From an industrial perspective, the GenAI-driven safety frameworks reviewed in this paper offer measurable benefits across manufacturing, healthcare, and logistics sectors—collectively representing over 95% of the studied applications (Section 4.2). These benefits include reduced collision rates, faster reaction times to human motion, lower impact forces meeting ISO/TS 15066 requirements, and improved accuracy in safety instruction interpretation, as quantified in Section 4.5 and Section 7.5. However, industrial adoption also requires standardized benchmarking protocols, certification frameworks for learning-enabled systems, and open multimodal datasets—challenges identified throughout Section 6.1 and Section 6.4. Without these infrastructure elements, even technically superior systems will remain laboratory demonstrations rather than certified industrial solutions. It will be important that academia, industry, and regulatory bodies work together to create open and standardized benchmarks and create guidelines to test generative safety and certify it. In the future, the area is set to experience a change towards a mode of certifiable hybrid structures, a combination of deterministic safety logic and generative foresight. To achieve transparent and auditable safety systems, further progress in model interpretability, multimodal benchmarking, and ethical governance will be required. GenAI, being a cornerstone technology in HRC, will succeed solely because we can ensure a balanced approach to creativity and control so that generative systems do not just do things but also maintain human trust, responsibility, and wellbeing. Such synthesis provides a methodological and conceptual basis towards such an end, allowing the robotics community to proceed to the next stage of safe, adaptive, and ethically responsible human–robot interactions.

Supplementary Materials

The following supporting information can be downloaded at: https://www.mdpi.com/article/10.3390/s26072079/s1, Table S1: Complete PRISMA 2020 checklist with corresponding manuscript sections. Table S2: Detailed search queries and database-specific search strategies.
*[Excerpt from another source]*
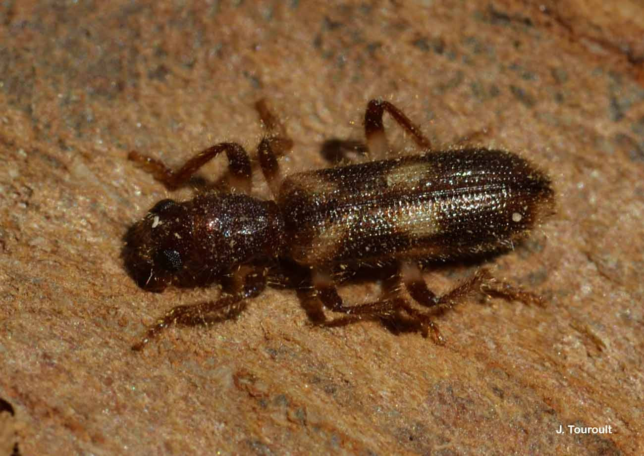 Corps en cylindre large, densément couvert de pubescence, allongé, brun-noir avec les antennes, les pattes et six taches élytrales transversales brun-jaune. Les élytres portent deux taches humérales, deux médianes et deux apicales. Les fémurs sont plus ou moins rembrunis. La pubescence est claire, longue, hérissée. Les élytres sont fortement ponctués, les lignes de points nettes jusqu’à l’apex. Les antennes sont fines, légèrement épaissies vers l’apex. Le pronotum est subcarré, rétréci à la base, fortement et densément ponctué.
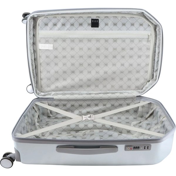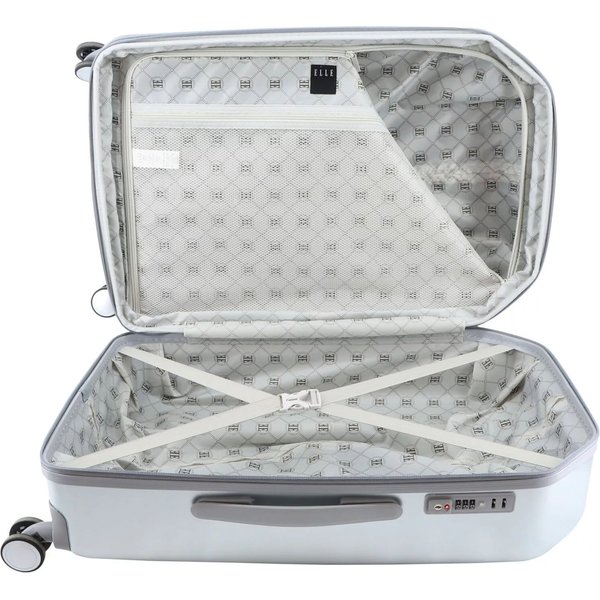 Bezpieczeństwo Twojego bagażu jest priorytetem, dlatego walizka wyposażona jest w płaski zamek szyfrowy TSA. To rozwiązanie nie tylko chroni zawartość przed dostępem osób niepowołanych, ale także ułatwia procedury kontrolne na lotniskach, gdzie zamek TSA jest standardem bezpieczeństwa. Wnętrze walizki Diamond Elle zostało zaprojektowane z myślą o funkcjonalności i organizacji. Podzielone na dwie części, oferuje komorę zapinaną na suwak z dodatkową kieszenią zamykaną na suwak oraz główną komorę z elastycznymi pasami zabezpieczającymi ubrania przed przemieszczaniem. Wnętrze wykończone zostało elegancką podszewką z wzorem, co podkreśla luksusowy charakter produktu. Ponadto, wewnętrzna kieszeń z siatki umożliwia przechowywanie drobiazgów, które chcesz mieć pod ręką, takich jak kosmetyki czy dokumenty. Z zewnątrz walizka zdobi metalowe logo marki, które stanowi subtelny, ale wyrazisty akcent, potwierdzający jej prestiżowe pochodzenie.

Table S3: Quality assessment scores of all included studies based on the defined evaluation criteria. Table S4: Complete list of the 103 studies included in the systematic review, provided as a CSV/Excel file with metadata (authors, year, venue, generative AI method, safety domain, and key contributions).

Author Contributions

A.K.: Conceptualization, methodology, systematic literature review, data curation, original draft preparation, and overall manuscript development. M.A.: Supervision, conceptual guidance, validation of the review methodology, and critical revision of the manuscript. S.M.Q.: Formal analysis, tool support, PRISMA methodology design, data synthesis, and technical review of generative AI frameworks. M.M.: Literature screening, analysis of selected studies, dataset preparation for Supplementary Materials, and contribution to results interpretation. N.A.A.: Project administration, funding acquisition, manuscript editing, and quality assurance. I.A.: Review and editing, contribution to discussion and conclusions, and support in aligning the manuscript with industrial and safety standards. All authors have read and agreed to the published version of the manuscript.

Funding

This work was supported and funded by the Deanship of Scientific Research at Imam Mohammad Ibn Saud Islamic University (IMSIU) (grant number IMSIU-DDRSP2602).
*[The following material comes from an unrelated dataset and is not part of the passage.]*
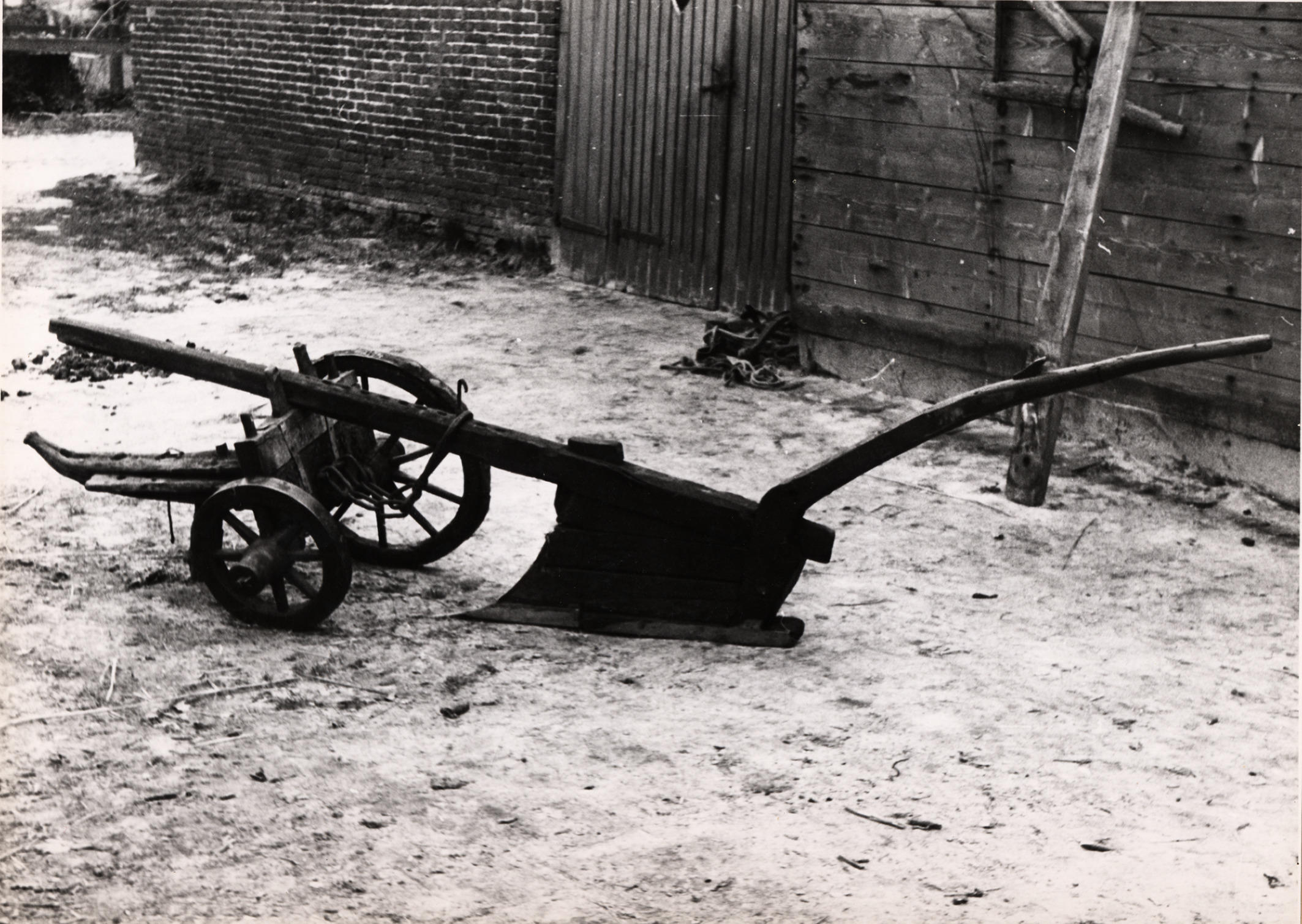 Houten stelploeg, Staphorst, 1944 (zwart-wit foto)

Institutional Review Board Statement

Not applicable.

Informed Consent Statement

No animal or human study involved in this research.

Data Availability Statement

No new data were created or analyzed in this study.

Acknowledgments

This work was supported and funded by the Deanship of Scientific Research at Imam Mohammad Ibn Saud Islamic University (IMSIU) (grant number IMSIU-DDRSP2602). The authors gratefully acknowledge the institutional support.

Conflicts of Interest

The authors declare no conflict of interest.

Correction Statement

This article has been republished with a minor correction to the Acknowledgments. This change does not affect the scientific content of the article.

Abbreviations

The following abbreviations are used in this manuscript:

GenAI	Generative Artificial Intelligence
HRC	Human–Robot Collaboration
HRI	Human Robot Interaction
Cobot	Collaborative Robot
LLM	Large Language Models
PRISMA	Preferred Reporting Items for Systematic Reviews and Meta-Analyses
ISO/TS	International Organization for Standardization/Technical Specification
IEC	International Electrotechnical Commission
XAI	Explainable AI

Appendix A. Search Strategy and Inclusion Criteria

This appendix details how studies were identified, screened, and included in accordance with the PRISMA 2020 framework.

The systematic search was conducted across IEEE Xplore, Scopus, ACM Digital Library, and SpringerLink databases between January 2015 and June 2025.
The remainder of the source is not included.